◆ Task ◆
The material below holds the lines to copy: from the one with "由殷森容,李梓恒,郑思源,徐" up to and including the one with "Online pH fermenter". Copy them exactly and skip the pictures.

*** Opening of Records supplied ***

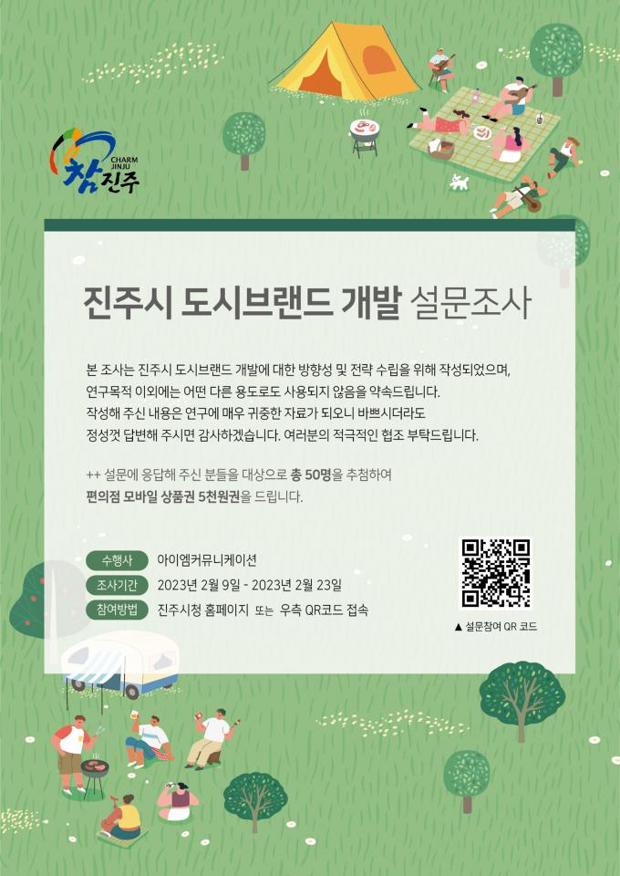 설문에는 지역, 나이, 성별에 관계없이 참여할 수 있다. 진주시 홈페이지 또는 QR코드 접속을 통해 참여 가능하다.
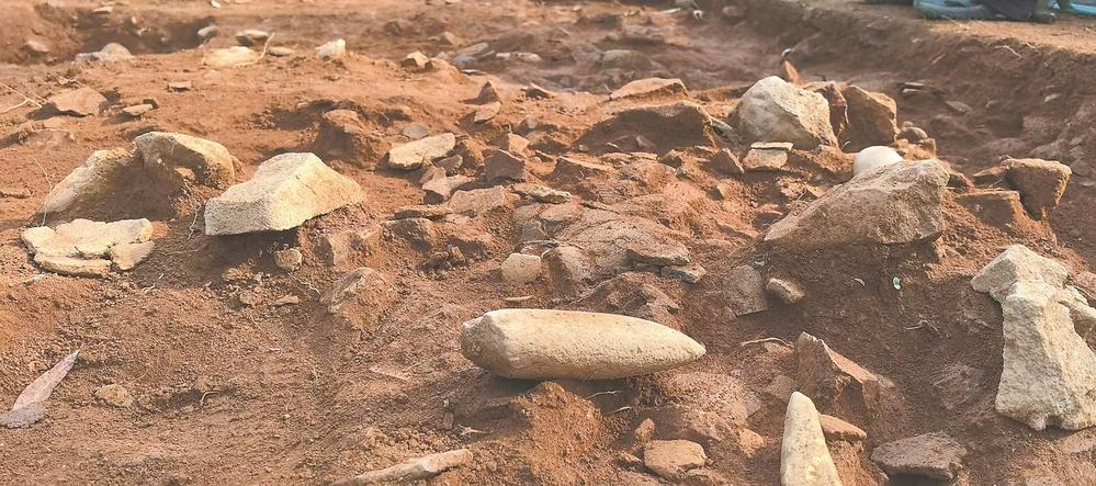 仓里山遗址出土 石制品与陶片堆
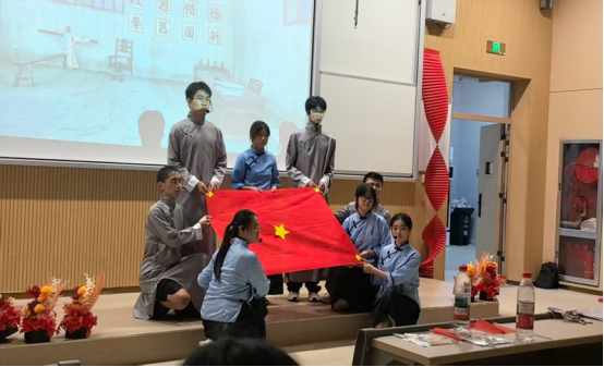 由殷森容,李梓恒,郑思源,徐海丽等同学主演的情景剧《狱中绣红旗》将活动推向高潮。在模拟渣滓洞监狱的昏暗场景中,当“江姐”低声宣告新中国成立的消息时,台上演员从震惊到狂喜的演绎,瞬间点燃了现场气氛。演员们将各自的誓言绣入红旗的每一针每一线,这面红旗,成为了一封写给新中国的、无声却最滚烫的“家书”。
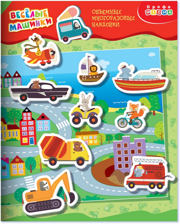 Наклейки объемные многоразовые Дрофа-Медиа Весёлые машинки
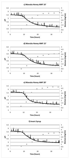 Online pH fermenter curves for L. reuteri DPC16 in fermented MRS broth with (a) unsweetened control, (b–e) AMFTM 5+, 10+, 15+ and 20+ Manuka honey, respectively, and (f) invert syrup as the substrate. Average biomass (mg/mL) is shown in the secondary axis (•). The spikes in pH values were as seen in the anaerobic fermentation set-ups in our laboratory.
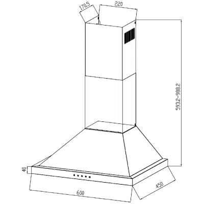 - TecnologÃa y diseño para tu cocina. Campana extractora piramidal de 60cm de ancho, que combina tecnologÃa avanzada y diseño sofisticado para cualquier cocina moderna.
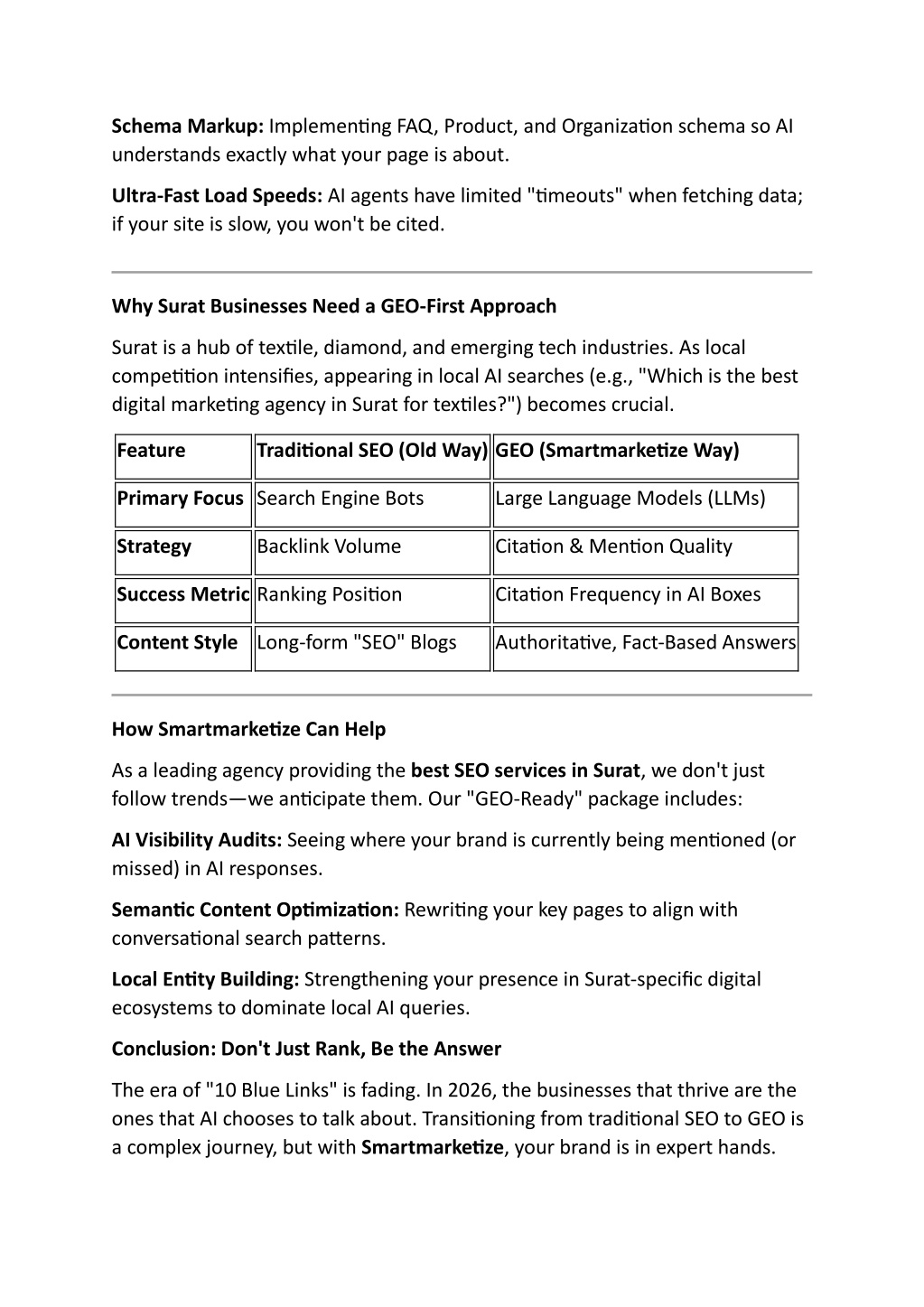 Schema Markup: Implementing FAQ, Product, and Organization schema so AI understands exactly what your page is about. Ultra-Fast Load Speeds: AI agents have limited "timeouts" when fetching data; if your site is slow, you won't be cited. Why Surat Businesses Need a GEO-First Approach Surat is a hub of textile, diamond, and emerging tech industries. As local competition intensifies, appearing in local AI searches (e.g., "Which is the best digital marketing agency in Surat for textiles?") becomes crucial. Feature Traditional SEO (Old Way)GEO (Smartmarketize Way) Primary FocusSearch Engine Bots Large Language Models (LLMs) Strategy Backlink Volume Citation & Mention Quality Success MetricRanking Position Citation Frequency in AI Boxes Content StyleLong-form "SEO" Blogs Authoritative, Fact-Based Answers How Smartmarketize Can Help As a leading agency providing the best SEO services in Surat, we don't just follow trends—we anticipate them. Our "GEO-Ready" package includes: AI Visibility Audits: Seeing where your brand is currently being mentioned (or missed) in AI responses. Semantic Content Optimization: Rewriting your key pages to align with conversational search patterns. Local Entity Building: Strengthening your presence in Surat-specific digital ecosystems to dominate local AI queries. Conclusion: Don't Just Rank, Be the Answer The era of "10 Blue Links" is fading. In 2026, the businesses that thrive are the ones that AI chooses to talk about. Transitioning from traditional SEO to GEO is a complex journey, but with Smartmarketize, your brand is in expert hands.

*** Close of Records supplied ***
*** Opening of Records supplied ***

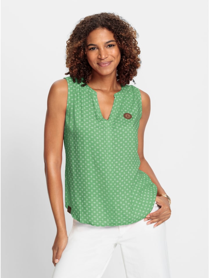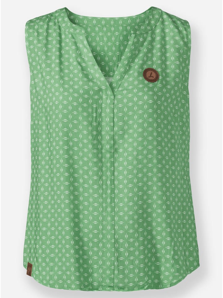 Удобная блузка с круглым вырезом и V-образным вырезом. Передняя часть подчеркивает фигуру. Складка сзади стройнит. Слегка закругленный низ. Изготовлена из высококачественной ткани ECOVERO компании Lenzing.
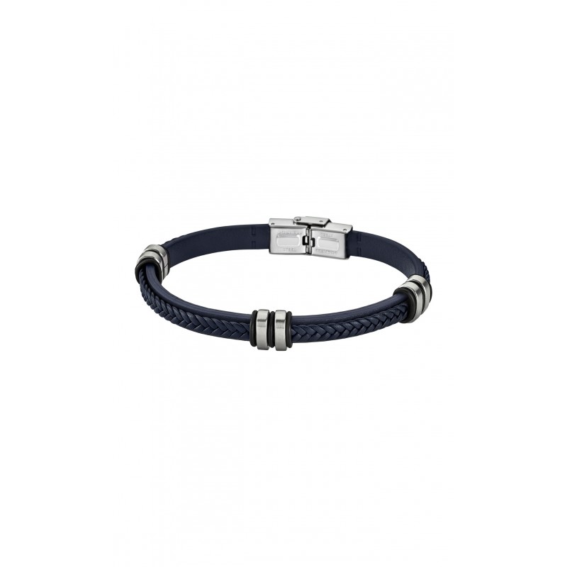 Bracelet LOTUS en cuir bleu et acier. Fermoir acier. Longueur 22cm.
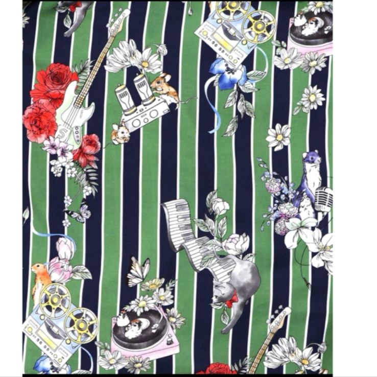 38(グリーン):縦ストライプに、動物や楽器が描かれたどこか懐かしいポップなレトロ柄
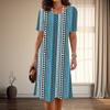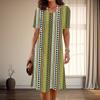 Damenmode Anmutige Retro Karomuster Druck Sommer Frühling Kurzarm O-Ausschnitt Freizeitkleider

*** Close of Records supplied ***

◆ Output for this task ◆
 由殷森容,李梓恒,郑思源,徐海丽等同学主演的情景剧《狱中绣红旗》将活动推向高潮。在模拟渣滓洞监狱的昏暗场景中,当“江姐”低声宣告新中国成立的消息时,台上演员从震惊到狂喜的演绎,瞬间点燃了现场气氛。演员们将各自的誓言绣入红旗的每一针每一线,这面红旗,成为了一封写给新中国的、无声却最滚烫的“家书”。
 Наклейки объемные многоразовые Дрофа-Медиа Весёлые машинки
 Online pH fermenter curves for L. reuteri DPC16 in fermented MRS broth with (a) unsweetened control, (b–e) AMFTM 5+, 10+, 15+ and 20+ Manuka honey, respectively, and (f) invert syrup as the substrate. Average biomass (mg/mL) is shown in the secondary axis (•). The spikes in pH values were as seen in the anaerobic fermentation set-ups in our laboratory.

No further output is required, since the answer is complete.